Research Areas
Mechanical Engineering
At Yale's Department of Mechanical Engineering, we're advancing scientific discoveries that bridge fundamental physics with transformative solutions. Our research spans from molecular interactions to complex engineered systems, encompassing the principles and phenomena that govern both natural and human-made worlds. Here, students and faculty collaborate far beyond conventional engineering disciplines to address critical challenges, developing innovations that will shape our future. Whether it's creating adaptive robotic systems, investigating complex fluid dynamics, or pioneering new materials, our work catalyzes discoveries that shape tomorrow's technologies.

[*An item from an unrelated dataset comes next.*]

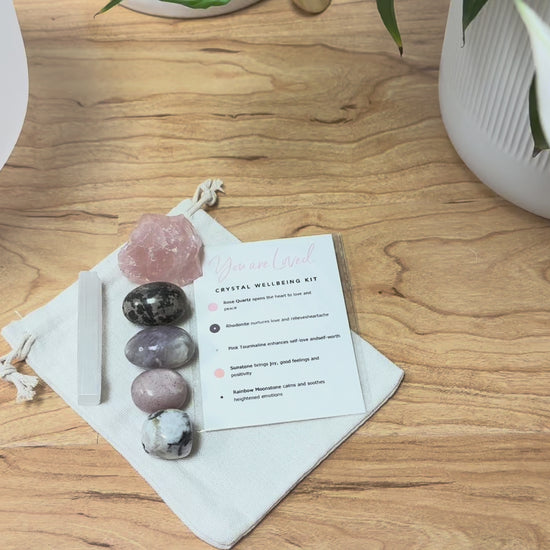 The You Are Loved Crystal Wellbeing Kit is a gentle yet powerful reminder that you are deserving of love, whether from yourself or others. These beautiful stones are here to support you on your journey of healing, nurturing, and embracing the love that exists within and around you.

Fluids, Combustion, & Aerosols
Unlocking Nature's Flow Patterns: From Oceans to Outer Space
Yale Mechanical Engineers are leading groundbreaking research in fluid dynamics, investigating how transport phenomena shape both natural and engineered systems. At the intersection of biology, geosciences, and engineering, researchers study the hydrodynamic interactions among colloids, microplastics, and biological agents in heterogeneous environments. This fundamental research also extends into critical environmental applications, examining how oceanic eddies influence sea ice floe evolution and microplastic transport, while also exploring the complex dynamics of bacteria and biofilms in soil and marine ecosystems.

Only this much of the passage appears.